Подъехали к парому, он еще не отошел. Водитель выключил счетчик.

– Рупь-восемьдесят – прошу платить!

Мужчина дал рубчик и вышел. Девушка стала шарить с кошельке-гаманце, звеня мелочью.

– Ой, а мне не хватает! Вернее, почти хватает, а на паром двадцать копеек уже не будет! – запаниковала девчушка.

– А ты не шебуршись, давай так, оставь, чтобы тебе на все хватило, да и иди себе, – добродушно пробасил водитель.

Деваха высыпала ему в ладошку несколько монет, извинилась, и побежала к парому, на который незадолго до нее в числе немногих пассажиров взошел и ее попутчик по такси, мужик за сорок в сером костюме.

Водитель, а звали его Слава, разворачивая машину, вдруг вспомнил, как он стал таксистом, что именно его подвигло выбрать эту профессию. Несколько лет назад ехал он вечером к подружке, получившей комнату в общаге у черта на куличках – в Лузановке. Денег было в обрез, а времени – тоже мало. Славик все рассчитал – рупь семьдесят – такси, рупь – двадцать – бутылка «Алиготе», еще 10 копеек – утренний отъезд из Лузановки до площади Мартыновского на 155-м или 166-м автобусе – они носили гордое имя «экспресса». И еще рубль в резерве. А в понедельник – зарплата на «радиалке», где он работал по третьему разряду слесарем. А закусон – это уже Иркина забота. Так вот, Славик умышленно долго ждал у Моста мотор, в котором уже был пассажир. В этом случае можно было заплатить поменьше, тем более, что у одесситов всегда было принято округлять сумму при расчетах до рубля в пользу водителя. Излишняя педантичность считалась дурным тоном.

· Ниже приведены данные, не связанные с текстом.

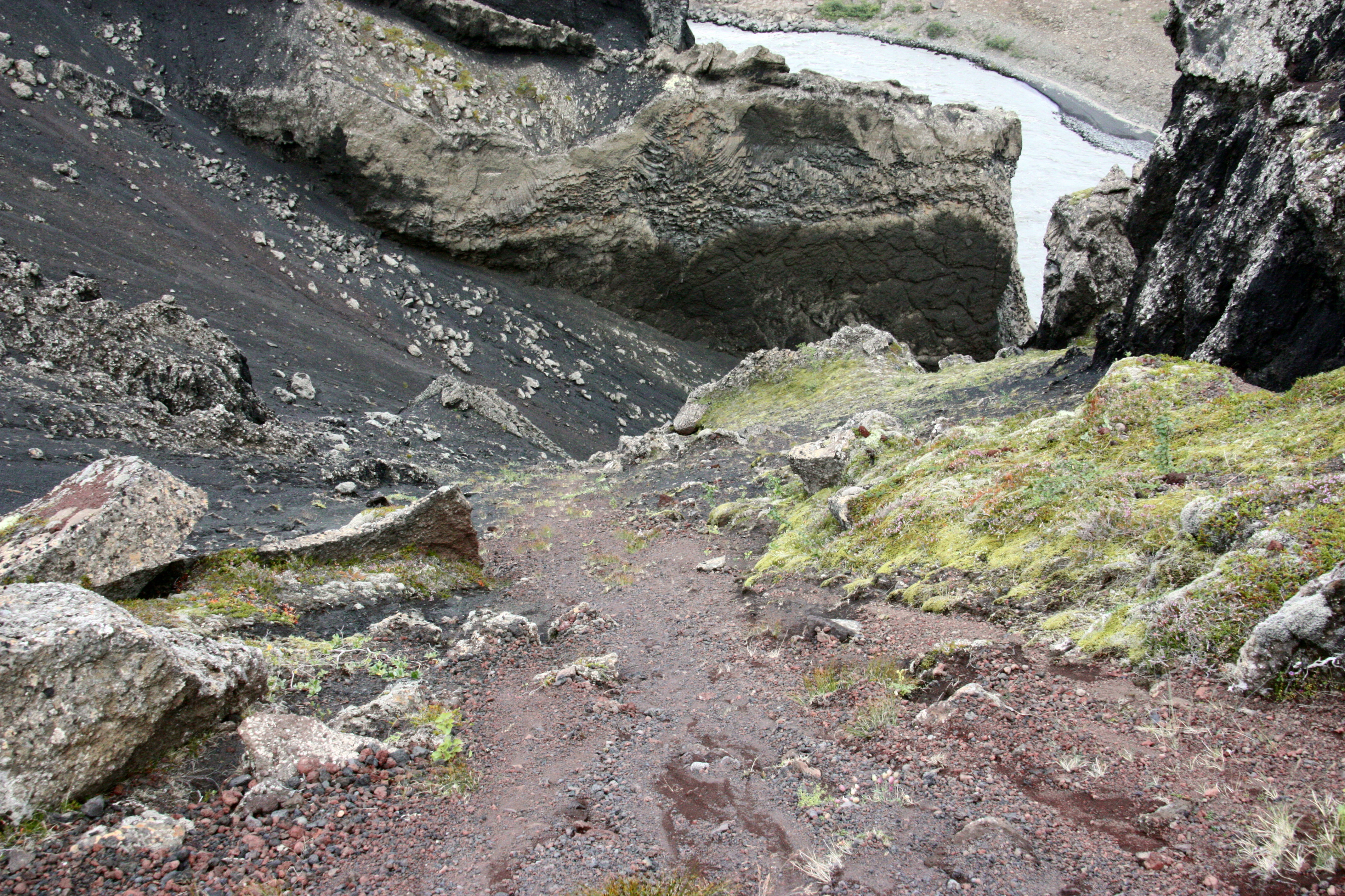 styggbratt ned mot elva (Jökulsá a Fjöllum)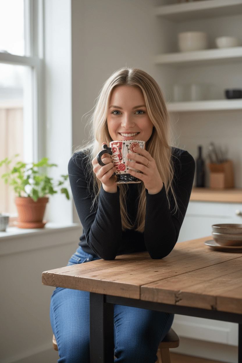 The More is More Mug Red & Black is part of a fun experiment in decoration vs function. The More is More Mug is overly decorated and may not be the most functional mug you’ve ever come across. But, if you enjoy color, whimsy and decoration, this may be the perfect pottery mug for you. Hand thrown on a potters wheel then altered out of white earthenware clay and decorated with bold majolica glazes. Precious gold lusters were added in a separate firing. The perfect gift for that “more is more” person in your life…. Or maybe you have finally given into the urge to treat yourself!

И вот удача – на переднем сиденье Волги сидел поддатый мужичок хлипкого телосложения, в шляпе и костюме с галстуком. «О! Студент!» – радостно воскликнул он, когда Славик скромно присел не задний диванчик Волги, и тут же уронил подбородок на свою петушиную грудь, пустив слюну на яркий галстук.

Когда доехали до Второго Заливного, пассажир приоткрыл глаз, достал пятирублевку, и со словами «а не обидно будет?..» – двумя пальцами сунул ее в нагрудный карман рубашки водителя. Возле ЗОРа оплата повторилась, только между пальцами уже был червонец с профилем Ленина. Вопрос о вероятной обидности такого жеста повторялся еще раз пять или шесть, пока, наконец, пассажир не сошел на Сортировочной. Судя по выражению лица водителя, доставившего онемевшего Славку в Лузановку, обидно ему не было ну нисколечки… Когда парень стал отсчитывать деньги, таксист вежливо отстранил его руки своей лапищей, достал из кармана рубашки пару смятых синих пятериков и протянул их опешившему пассажиру.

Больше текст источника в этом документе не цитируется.